I never got Ich Free but I have a bullet proof (knock on wood) approach now. For the last 5 months I have seen 2-4 spots come and go on my harlequin tusk every 10 days (on the clock). He always shakes them off within 1 day, 2 days max. If I do anything irregular (water changes etc) that adds stress, he'll have 1-2 more than usual. I almost never worry, but when I do, I just drop the salinity a few points overnight then gradually raise it. So Ich is no problem for me now.

Do you see the bouts getting worse? Are you planning to add more fish?
 
#20
daverf;251759 said:
OK. So then I would do nothing. While I don't believe Ich Free Systems are mythical, I think most systems have some parasitic activity. I would do nothing until one or more fish start going from bad to worse (in which case I would treat all, go fallow, etc). All the work/stress to the fish to kick something that may not become a full blown issue is not worth it (and by the way, some people run 12 week fallow and see Ich return...some believe cysts can lie dormant for up to a year). Stick with good water parms/husbandry, lower tank inhabitant stress, and just keep watching it. You may see spots come and go on Ich's reproductive cycle (10-21 days I think), and even get to the point where you time the cycle for your own system, and see it go like this for a year with no problems. Eventually the Ich will disappear.

I never got Ich Free but I have a bullet proof (knock on wood) approach now. For the last 5 months I have seen 2-4 spots come and go on my harlequin tusk every 10 days (on the clock). He always shakes them off within 1 day, 2 days max. If I do anything irregular (water changes etc) that adds stress, he'll have 1-2 more than usual. I almost never worry, but when I do, I just drop the salinity a few points overnight then gradually raise it.

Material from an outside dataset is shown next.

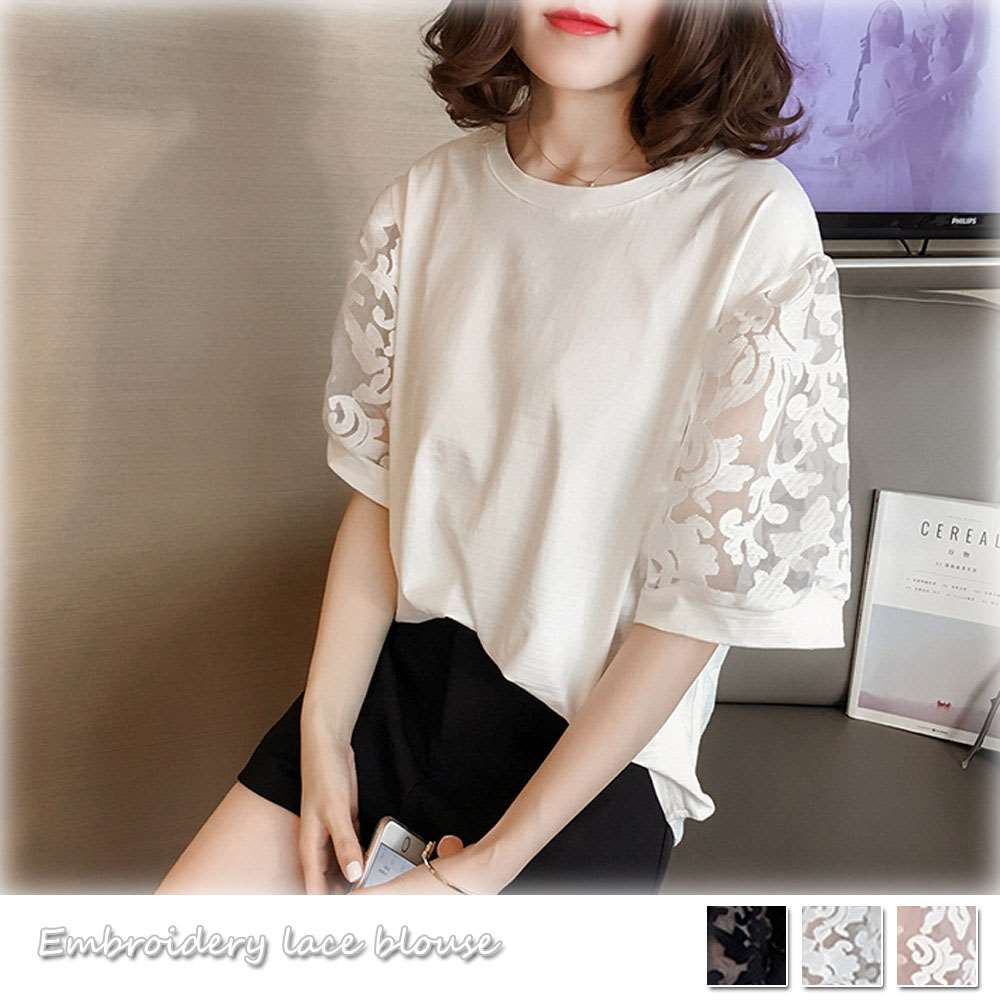 刺しゅうレース切り替えデザインで華やかな雰囲気を与えてくれる刺しゅうチュールカットソー

So Ich is no problem for me now.

Do you see the bouts getting worse? Are you planning to add more fish?
Right now they aren't too bad but the PBT got pretty bad as far as number of spots goes this last time around. My PBT actually seems to develop a bump where each of the parasites burrow, a little less than 1/4 of an inch in an oval shape. Is this unusual? It isn't happening on my purple tang which is the only other fish with spots. As far as more fish goes, I was considering trying to add another clown pair down the road, but I'm not going to be terribly upset if I am unable to do so. If one of the fishes die I would want to replace it, but in that case I would definitely be treating. I was trying to avoid having to treat all the fish, but I'm just not sure I am going to be able to get the tangs "cured" without treatment. If the fish have the white spots then they are likely in a decent amount of discomfort and I don't want them to have to just live with it. If it was just a few spots I might just let it go, but when the purple has 15+ per cycle and the PBT 40+ per cycle I just can't imagine they are too happy. A little over a month ago is when I saw the first couple spots on the PBT and a week later the Purple had a few. The ich cycle is progressing about every 5 days for me. 2days on the fish, 3 days off, although the fish never completely clear up.
They both still eat pretty well. The PBT has not eaten frozen since I got him, but still eats any flake/pellet/noori I put in. My purple eats anything, and lots of it. He usually eats as much as the rest of my tank. I'm pretty sure he'd eat my foxface if my foxface wasn't venemous. Anyways, I just can't imagine the tangs could last that long with an infection of this magnitude.